[joyb]

What happens when Dibenzoylmethane is boiled with NaOH?



I'm guessing it must be similar to reverse Claisen... any hints?

[Dan]

I'm guessing it must be similar to reverse Claisen... any hints?

That would also be my guess

[orgopete]

I wasn't in class, so I don't know what was discussed.

"How does Dibenzoylmethane react with NaOH?" It will form the enolate anion.

Boiled? This implies something different must be happening. It would seem that if a retro-Claisen were to occur, then the acetophenone and benzoic acid should react further. I don't think that is the answer.

I think another possibility is that even though enolate formation should protect the dione from further reaction, I don't think it does in this case and an aldol condensation may result. I think that product may do a retro-Claisen. I think this will be a different product than an aldol of the dione and acetophenone.

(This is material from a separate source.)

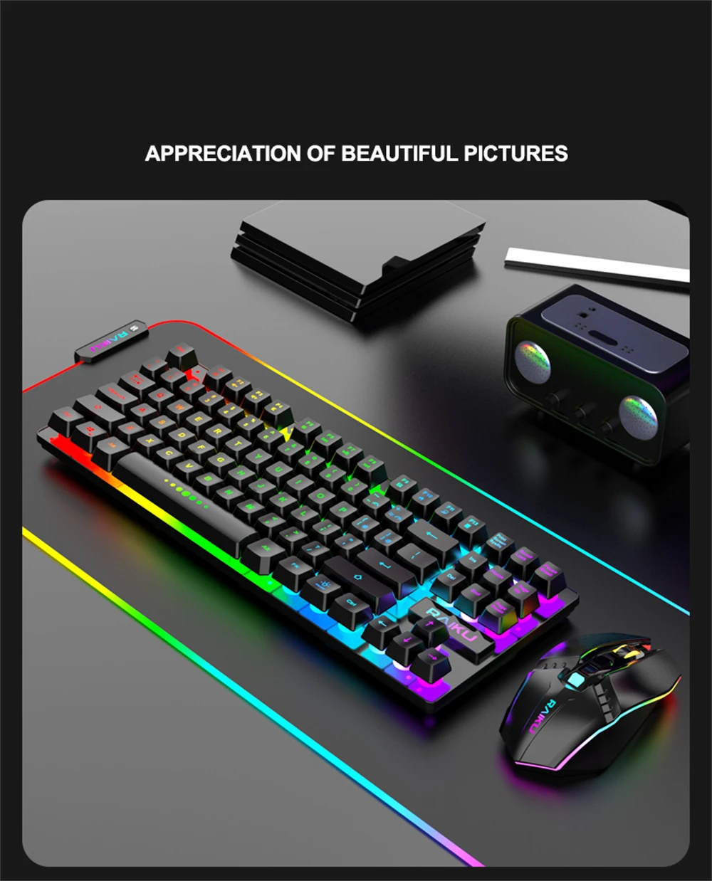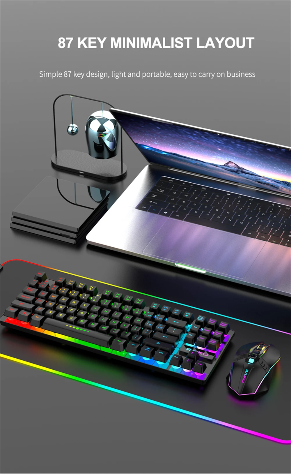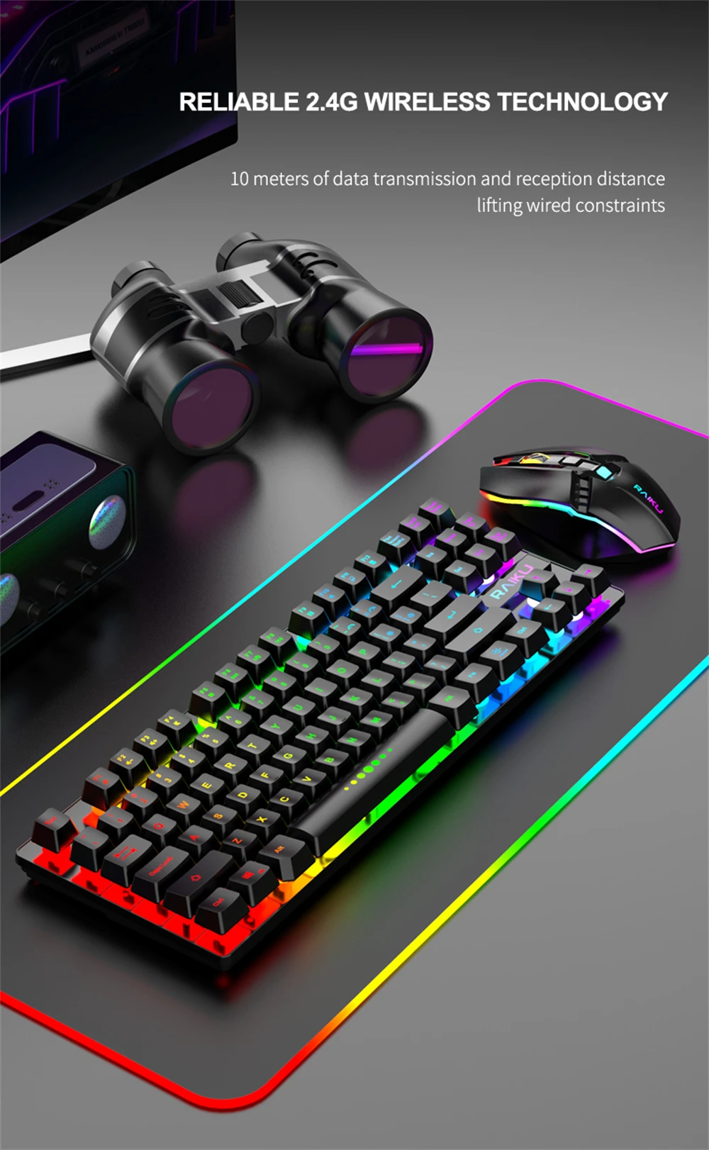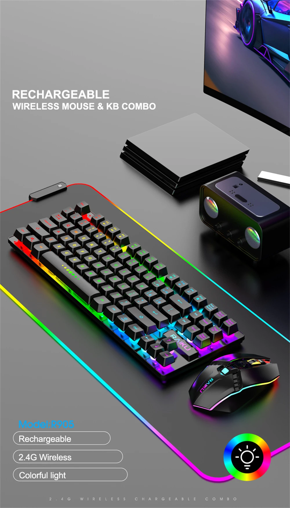 RYRA 2.4G 무선 게이머 키보드 및 마우스 세트 RGB 게임 키보드 백라이트 게이머 키트 87 키 충전 키보드 컴퓨터 PC 용

Just guessing, but this seems like there should have been more information to this problem to actually come up with the product.

[joyb]

The actual question is:
What would happen if PhCOCH₂COPh were boiled with aqueous NaOH? Explain why
PhCOCH₂COPh gives an iodoform reaction.

[orgopete]

That is helpful. I want to change my answer. I think NaOH simply makes the enolate. With iodine present, it will make the diiodo-dione. It cannot enolize. Now, a retro-Claisen will give benzoic acid and diiodoacetophenone. The diiodoacetophenone can react further with NaOO/I2 to give benzoic acid and iodoform.